The roadbed has been most substantially constructed and is the wonder of those who have seen it. There has been a delay in getting the equipment ready, or this road would have been in full operation ere this.
They use the overhead system of trolley, and it is the intention of the company to start the cars to-day.
Equal in importance is the construction of the Colorado Springs and Cripple Creek line which is now under construction. Seven miles of wire have been stretched and the road graded on the west end.
It is being pushed with rapidity.
The city of Colorado Springs has a magnificent system of water works that extend back into the mountains many miles, and there is stored an energy that will move millions of wheels of industry if properly used.
In July a proposition was submitted to the city council asking it to grant the use of this water power to a railroad company for the purpose of generating electricity with which to operate a line to Cripple Creek.
The franchise was given the road, properly hedged with the safeguards to the interests of the people. The rights were placed with Hon. Irving Howbert as trustees.
The railroad company will begin using them in time as the conditions are fulfilled. There is such a tremendous pressure in the pipes that the water will be simple used to turn the wheels of the machinery that generates the electricity.
This will then be distributed along the line by what is known as the three-phase system.
The gentlemen who are building the District road, and others who had become interested in having the lines extended to this city, visited England in the summer and made arrangements for placing $1,500,000 of bonds with which to secure money for the building and equipment of the rest of the line.
The money was subscribed largely by those who own the District road. The bonds have been prepared and all preliminary arrangements made.
So sure are the people interested in the District road that there will be no hitch in the money negotiations that they have already begun work on their power houses.
At the head of the city water works system and about six miles from the camp will be created the first power house.
Some days ago a force of men with proper materials was sent to the site of the proposed power house and began work.They are laying the necessary pipe to divert the water from the city's line through their motor, and are preparing to string wire to Cripple Creek.
The machinery for the power plant has been ordered and is expected to arrive here by the middle of next month. It is proposed to have two and perhaps more stations for generation of electricity along the line.
This one is being put in first because the Cripple Creek end of the line is completed. Six lines of wire are being strung, there being telephone and telegraph wires as well as those that are to carry the power.
A name has not yet been selected for the new line, although it will probably not be called the "District" road after starting east from the camp.
At the Colorado Springs and Cripple Creek end of the route the cars will be operated by the overhead trolley system, as the element of danger is less in that.
Along the main course of the line as it crosses the mountains what will be known as the third-rail system will be used. This has proved a very great success where used in the east.
A third rail is pinched in the middle of the road-bed and a trolley beneath the motor car runs on this, thus receiving the necessary electricity. The third rail is charged with electricity and is fed from wires strung along the course of the road.

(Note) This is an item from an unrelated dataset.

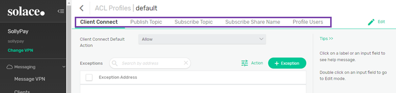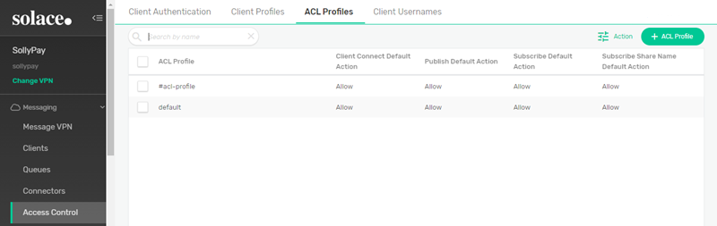 These properties are set to Allow when the ACL profiles are generated during service creation. If you set these properties to Disallow, the health checks you perform on your event mesh will fail. You can configure the ACL profiles in Broker Manager on the Access Control tab.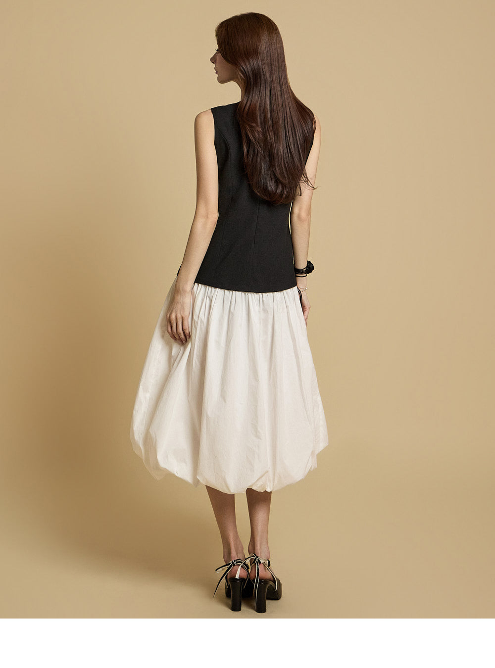 It features a back zipper for easy wear and a natural fit without shoulder pads.

The track will be standard gauge and the cars so constructed that they can be attached to any stream railroad train. Every car will be supplied with air brakes the same as steam railroads.

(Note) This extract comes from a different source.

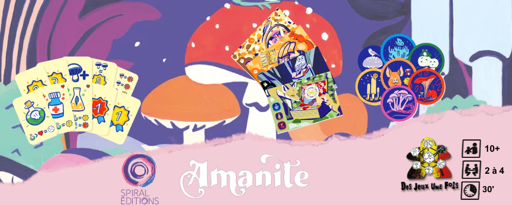 Amanite est un jeu de rĂ©flexions et de prises de risque oĂč vous ne saurez jamais exactement tous les effets des champignons avant la fin de la partie. Un jeu de rĂŽles cachĂ©s oĂč les rĂŽles sont dĂ©tenus par les ressources et non par les joueurs.

There will be thirty trains a day, including freight. Twenty will be passenger, ten each way, and the time will be a little over one hour between Cripple Creek and Colorado Springs.

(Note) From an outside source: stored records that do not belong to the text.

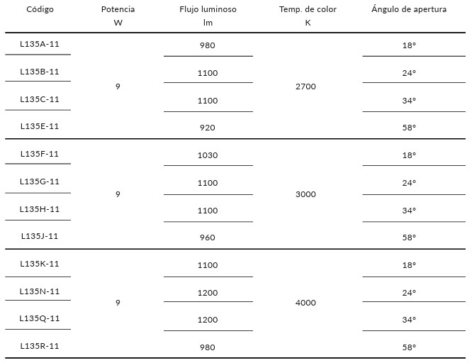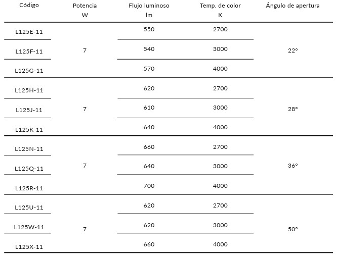 Downlight circular con tecnología LED para iluminación general, con difusor de policarbonato opal y reflector con acabado blanco o negro.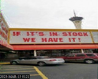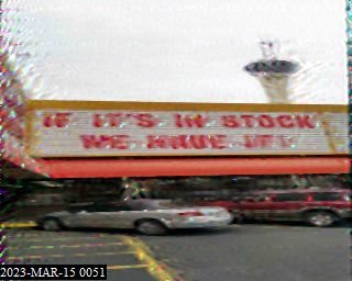 0121: SSTV - pic of store and cars, with sign lettering "IF ITS IN STOCK -  WE HAVE IT", -> ID then off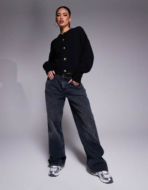 ASOS DESIGN - Sort strikket cardigan med forskellige guldfarvede knapper

The ore will be carried in automatically constructed cars, thus perfecting a system by which ore is handled automatically from the time it leaves the shaft at the mine to its treatment at the mills.
The distance of the Colorado Springs line will be thirty-two miles, connecting with the District system at the horseshoe at the head of Squaw gulch.
The maximum grade is only 7 per cent. This is not a steep grade for mountain railroading, as everyone familiar with Colorado knows.
The Midland exceeds that in Ute pass, and the Rio Grande exceeds it in many places while the cog road to Pike's Peak has a grade of 25 per cent.
It is projected that at Colorado City there shall be built a number of mills and reduction works, and there will be treated the vast quantities of low grade gold ore of Cripple Creek.
With coal just a five miles away that can be mined and hauled at less than $1 a ton, the possibilities of this vicinity for treatment of low grade ore are immense.
It is proposed that the road shall be absolutely independent of any combinations and that only a reasonable profit shall be charged.
Nearly every hole dug in Cripple Creek shows rock that will run as high as $10 a ton. It will be possible to treat all of this at a profit when it can be handled so cheaply, and the supply will be inexhaustible so far as this generation is concerned.